● **What is needed**
Set down exactly the lines below between the line holding "Bonjour à tous, Veuillez" and the line holding "Dramatic galactic landscape", inclusive; no other line belongs in the answer.

● **Input data**
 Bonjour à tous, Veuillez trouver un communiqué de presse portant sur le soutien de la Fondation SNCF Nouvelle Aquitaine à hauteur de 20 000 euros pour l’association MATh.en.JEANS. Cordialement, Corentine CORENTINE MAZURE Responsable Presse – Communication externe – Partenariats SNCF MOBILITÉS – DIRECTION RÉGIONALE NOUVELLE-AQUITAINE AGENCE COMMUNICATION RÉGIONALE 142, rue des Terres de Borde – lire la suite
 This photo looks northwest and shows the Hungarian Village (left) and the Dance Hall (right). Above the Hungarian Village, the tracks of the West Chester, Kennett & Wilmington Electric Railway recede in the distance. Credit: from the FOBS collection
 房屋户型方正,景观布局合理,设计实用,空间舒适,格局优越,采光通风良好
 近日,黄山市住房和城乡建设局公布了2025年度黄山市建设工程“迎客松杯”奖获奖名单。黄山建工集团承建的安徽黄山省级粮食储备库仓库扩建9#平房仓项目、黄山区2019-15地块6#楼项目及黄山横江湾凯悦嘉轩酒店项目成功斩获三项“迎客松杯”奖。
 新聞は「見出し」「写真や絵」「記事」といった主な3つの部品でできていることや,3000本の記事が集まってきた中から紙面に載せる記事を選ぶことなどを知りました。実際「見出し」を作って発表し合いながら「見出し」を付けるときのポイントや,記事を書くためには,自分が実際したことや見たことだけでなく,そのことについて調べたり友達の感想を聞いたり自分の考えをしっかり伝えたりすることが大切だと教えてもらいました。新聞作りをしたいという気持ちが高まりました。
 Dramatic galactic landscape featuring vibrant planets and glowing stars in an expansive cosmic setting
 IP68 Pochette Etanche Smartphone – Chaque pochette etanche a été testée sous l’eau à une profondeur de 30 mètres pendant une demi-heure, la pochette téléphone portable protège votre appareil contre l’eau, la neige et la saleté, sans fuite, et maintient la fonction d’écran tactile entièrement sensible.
* * *
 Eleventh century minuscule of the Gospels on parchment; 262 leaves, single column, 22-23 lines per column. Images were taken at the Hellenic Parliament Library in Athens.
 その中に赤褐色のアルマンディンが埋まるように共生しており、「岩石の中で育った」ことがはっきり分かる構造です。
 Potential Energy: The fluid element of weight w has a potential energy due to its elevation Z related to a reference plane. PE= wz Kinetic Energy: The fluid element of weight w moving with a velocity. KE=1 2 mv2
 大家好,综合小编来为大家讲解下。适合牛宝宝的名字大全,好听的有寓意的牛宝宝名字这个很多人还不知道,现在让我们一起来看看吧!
==
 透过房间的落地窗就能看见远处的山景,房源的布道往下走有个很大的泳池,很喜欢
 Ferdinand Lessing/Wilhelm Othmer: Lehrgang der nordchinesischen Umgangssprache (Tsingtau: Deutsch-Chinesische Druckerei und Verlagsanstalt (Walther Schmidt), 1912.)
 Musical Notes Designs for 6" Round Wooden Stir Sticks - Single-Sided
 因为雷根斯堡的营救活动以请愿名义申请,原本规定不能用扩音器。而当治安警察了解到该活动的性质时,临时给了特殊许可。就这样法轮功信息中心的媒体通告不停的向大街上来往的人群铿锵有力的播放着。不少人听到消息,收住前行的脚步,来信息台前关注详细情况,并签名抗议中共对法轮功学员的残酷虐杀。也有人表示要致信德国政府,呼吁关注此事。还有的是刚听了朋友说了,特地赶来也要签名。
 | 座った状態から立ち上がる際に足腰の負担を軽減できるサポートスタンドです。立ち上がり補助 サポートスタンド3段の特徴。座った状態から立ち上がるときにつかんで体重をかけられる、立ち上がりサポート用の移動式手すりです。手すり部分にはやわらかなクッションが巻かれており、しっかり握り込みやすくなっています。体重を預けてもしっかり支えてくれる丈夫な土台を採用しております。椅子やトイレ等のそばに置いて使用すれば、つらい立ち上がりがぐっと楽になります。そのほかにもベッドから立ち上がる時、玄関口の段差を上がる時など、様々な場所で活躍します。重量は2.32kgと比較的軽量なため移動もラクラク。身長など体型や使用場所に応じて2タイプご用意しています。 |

● **Exercise answer**
 Bonjour à tous, Veuillez trouver un communiqué de presse portant sur le soutien de la Fondation SNCF Nouvelle Aquitaine à hauteur de 20 000 euros pour l’association MATh.en.JEANS. Cordialement, Corentine CORENTINE MAZURE Responsable Presse – Communication externe – Partenariats SNCF MOBILITÉS – DIRECTION RÉGIONALE NOUVELLE-AQUITAINE AGENCE COMMUNICATION RÉGIONALE 142, rue des Terres de Borde – lire la suite
 This photo looks northwest and shows the Hungarian Village (left) and the Dance Hall (right). Above the Hungarian Village, the tracks of the West Chester, Kennett & Wilmington Electric Railway recede in the distance. Credit: from the FOBS collection
 房屋户型方正,景观布局合理,设计实用,空间舒适,格局优越,采光通风良好
 近日,黄山市住房和城乡建设局公布了2025年度黄山市建设工程“迎客松杯”奖获奖名单。黄山建工集团承建的安徽黄山省级粮食储备库仓库扩建9#平房仓项目、黄山区2019-15地块6#楼项目及黄山横江湾凯悦嘉轩酒店项目成功斩获三项“迎客松杯”奖。
 新聞は「見出し」「写真や絵」「記事」といった主な3つの部品でできていることや,3000本の記事が集まってきた中から紙面に載せる記事を選ぶことなどを知りました。実際「見出し」を作って発表し合いながら「見出し」を付けるときのポイントや,記事を書くためには,自分が実際したことや見たことだけでなく,そのことについて調べたり友達の感想を聞いたり自分の考えをしっかり伝えたりすることが大切だと教えてもらいました。新聞作りをしたいという気持ちが高まりました。
 Dramatic galactic landscape featuring vibrant planets and glowing stars in an expansive cosmic setting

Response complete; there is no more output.